# Comprehensions versus pre-allocation

When it’s possible, I rewrite the calculation of some array from the “first pre-allocation then for-loop” to just a comprehension (albeit fairly complicated sometimes). In my mind comprehensions seem faster because the pre-allocation step is fused with the actual population of the desired array.

Is this generally true or are the differences infinitesimal and I’m (sometimes) sacrificing readability for nothing?

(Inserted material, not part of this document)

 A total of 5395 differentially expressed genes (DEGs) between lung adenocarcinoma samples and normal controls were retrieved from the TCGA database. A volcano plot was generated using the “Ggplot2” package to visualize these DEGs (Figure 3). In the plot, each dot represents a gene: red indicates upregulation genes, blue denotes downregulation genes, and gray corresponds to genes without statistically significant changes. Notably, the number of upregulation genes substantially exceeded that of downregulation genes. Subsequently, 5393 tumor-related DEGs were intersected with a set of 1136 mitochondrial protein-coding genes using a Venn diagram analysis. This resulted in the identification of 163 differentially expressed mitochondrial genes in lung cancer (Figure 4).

Can you give an example where comprehensions are less readable than creating an array and populating it? I usually find that they are eminently readable, and only deviate from comprehensions when the compiler isn’t able to infer the type for some reason (and I can). But that happens less and less these days.

1 Like
``````ps = [Vector{Pair{Int, CartesianIndex{2}}}([1 => i]) for i in CartesianRange(size(I1)) if I1[i] == I1max[i] && good_parameters(get_parameters(i, I))]
``````

I would use more line breaks, but each to his own

It may be missing something, but I don’t see how creating and populating an array would be simpler for this example.

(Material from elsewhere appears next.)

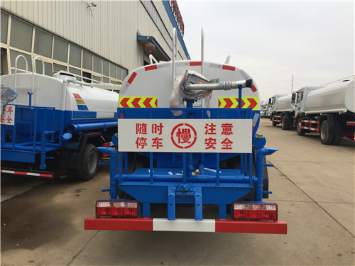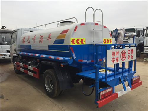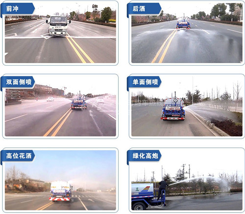 灑水車(chē)的基本配置:罐體用4MM碳鋼板制作,罐內(nèi)隔板具有防波作用,以減低灑水車(chē)行駛時(shí)罐體液體的沖擊。整車(chē)帶一個(gè)專用灑水泵(垂直最大吸程6米),灑水寬度14米,射程28米。灑水車(chē)配備2個(gè)前沖(噴)(能將路面泥巴、塵土、垃圾沖干凈);2個(gè)后灑(能均勻地將水灑在路面,一次灑水寬度14米)、2個(gè)側(cè)噴(花灑)(能均勻地將路旁綠化帶澆灌)、帶1個(gè)后工作平臺(tái),平臺(tái)上安裝1個(gè)綠化灑水高炮(灑水炮可全方位旋轉(zhuǎn),可連續(xù)調(diào)成直沖狀、大雨、小雨、毛毛雨,霧狀可調(diào)節(jié)沖洗高大樹(shù)木),引水時(shí)間<5min,流量90m3/h。帶1個(gè)消防接頭,帶1個(gè)自流閥,1個(gè)過(guò)濾裝置、人性化爬梯及側(cè)防護(hù)欄,安裝灑水音樂(lè)喇叭。

Yea, I agree that comprehensions are usually prettier and more readable. But beauty aside, are comprehension also faster?

1 Like

I had the feeling that comprehensions didn’t know the final size in advance, even in simple ones when there are no filters, hence pre-allocation would always be better. But I also have a doubt whether that is true or not.

No.

I’m not sure what you think it means to “fuse” allocation with assignment of the array elements. Under the hood, it allocates first (if the length is known) and then assigns.

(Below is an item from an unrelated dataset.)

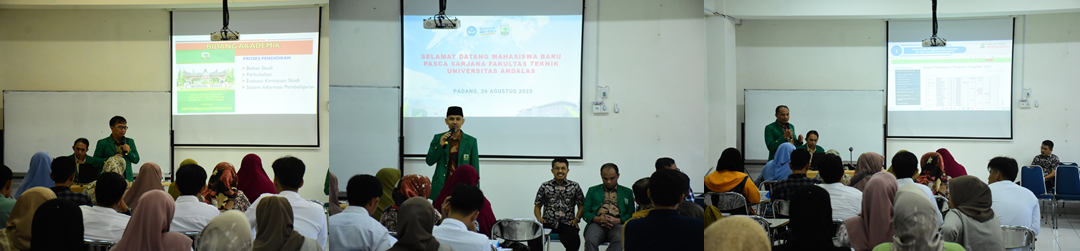 Padang (FTUA)- Fakultas Teknik adakan kegiatan Bimbingan Aktivitas Kemahasiswaan dalam Tradisi Ilmiah (BAKTI) untuk mahasiswa baru Program Pascasarjana untuk Prodi Magister dan Doktor tahun 2023 pada hari Sabtu (26/08/2023) di ruangan RSTA 1 & 2 Departemen Teknik Industri mengusung tema “Akselerasi Generasi Emas dengan Karakter Berintegritas Melalui Kolaborasi Inovatif Berkelanjutan”.

No, if the size can be known in advance (i.e. the non-filter case with an iterator of known length), then it allocates all at once.

Technically, an expression like `[x for x in 1:n]` lowers to something like `collect(Generator(i -> x, 1:n))`. Since this `Generator` object is an iterator with `iteratorsize(...)` equal to `HasShape()` (that is, it supports a `size` function), then `collect` will allocate the resulting array all at once.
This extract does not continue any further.